The yen has been selling off this morning, both on domestic data and interest rate hike expectations in the US. The Bank of Japan's tankan survey showed that manufacturing growth is at the highest level in a decade. As positive data out of Japan typically boosts risk sentiment (causing Japanese investors to park their funds offshore), the yen fell on the news. Looking at the US, expectations are rising for a rate hike in December. This is following comments from Harker last Friday, a voting member of the Fed.
USD/JPY is currently trading above 112.80, having started the day below 112.50. EUR/JPY remains mostly flat, with the pair trading below 132.80 currently.
Looking at economic data this week, we'll see consumer confidence figures tomorrow. On Thursday, we'll see data regarding Japanese investments in foreign bonds and stocks. Finally, foreign reserve data and leading indicators will be published on Friday.
After rebounding on September 28 on dollar weakness, we are now neutral on the yen in the short-term. After peaking in the first week of September, the currency has sold off sharply in the rest of the month on waning North Korea-related risks and rising optimism for the US dollar. The yen currency index is now looking oversold in the short-term time frame, based on various technical indicators.

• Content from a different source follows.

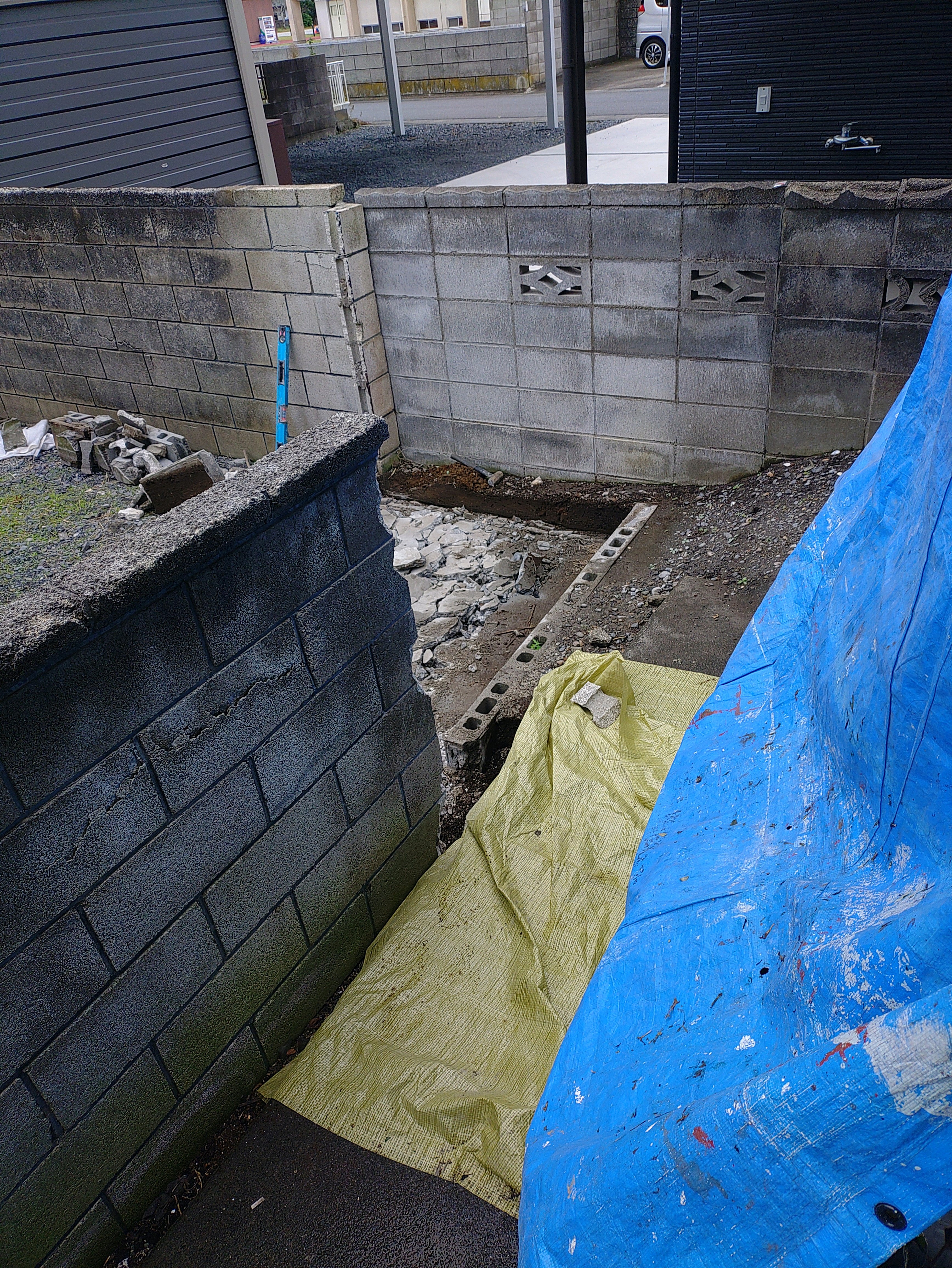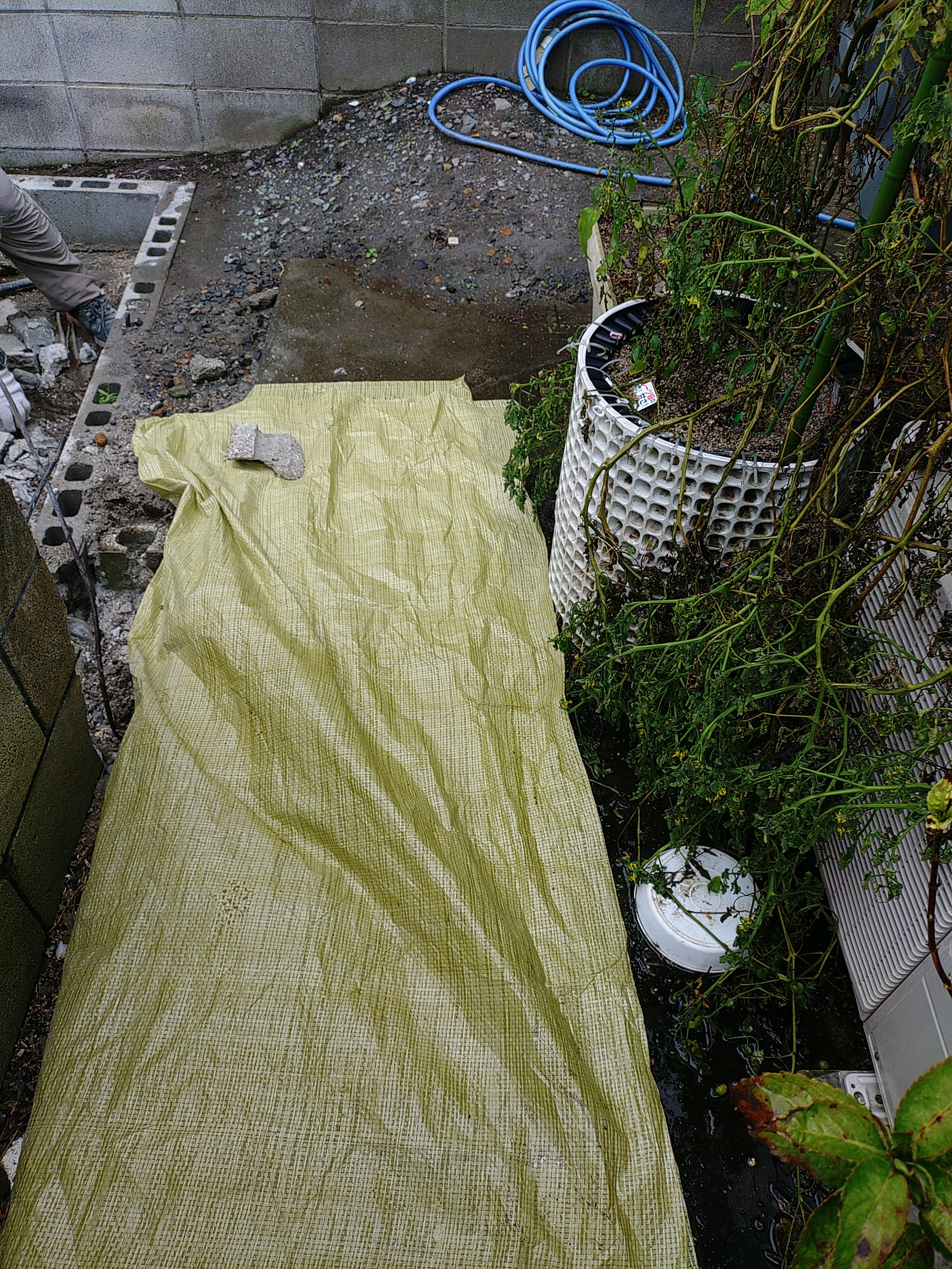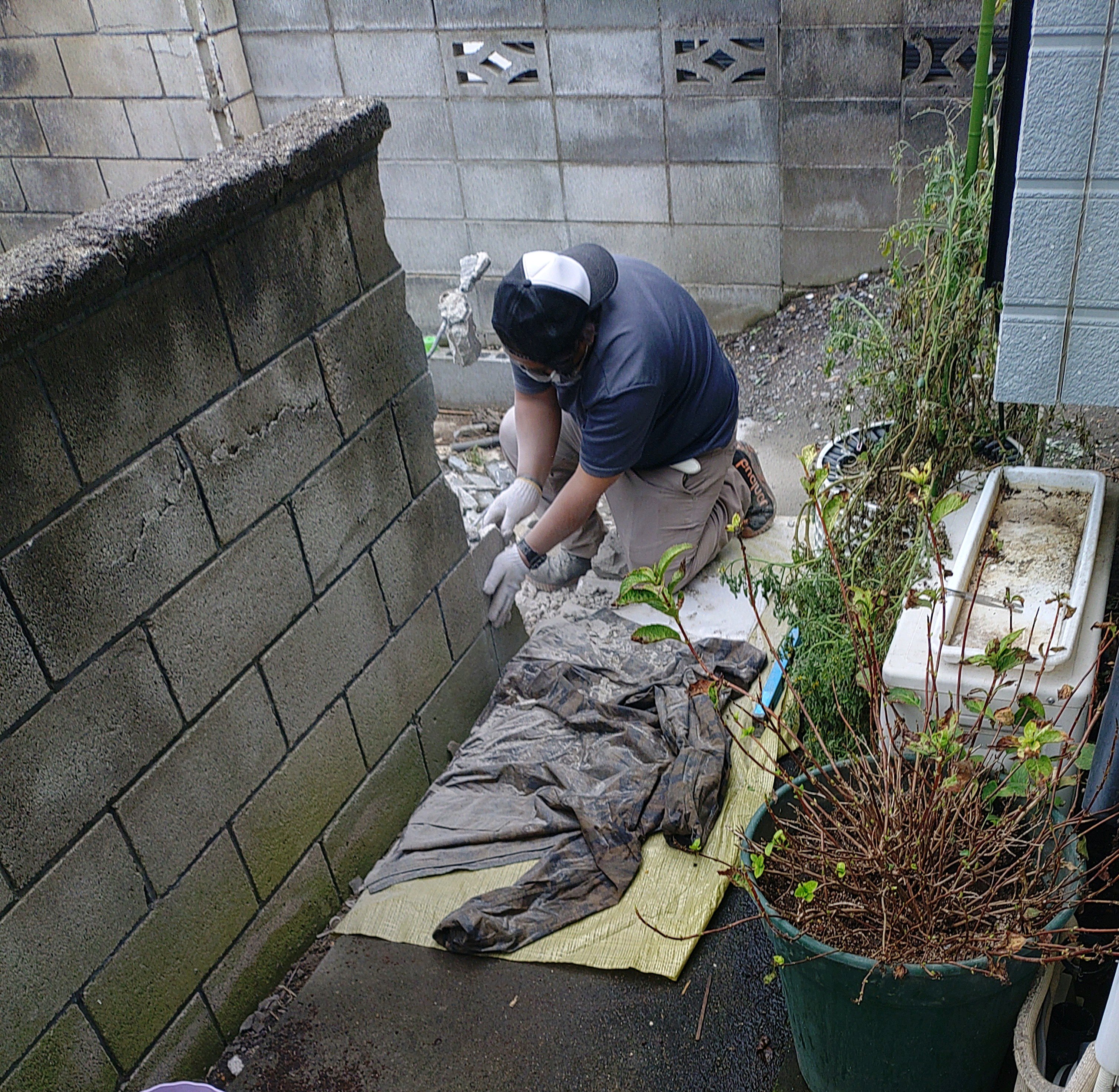 隣の空家の塀の修理に家の敷地内で無断で勝手に黄色いシート広げて仕事してる訳よ

The yen has sold off for three consecutive weeks in September, and our medium-term outlook on the currency remains bearish. As political risks subside in the Korean Peninsula and expectations for interest rate hikes grow in the US, the yen has encountered a bout of weakness. Looking at the yen on a weekly chart, the currency remains far from overbought or oversold levels looking at various technical indicators. Thus trading conditions remain normal.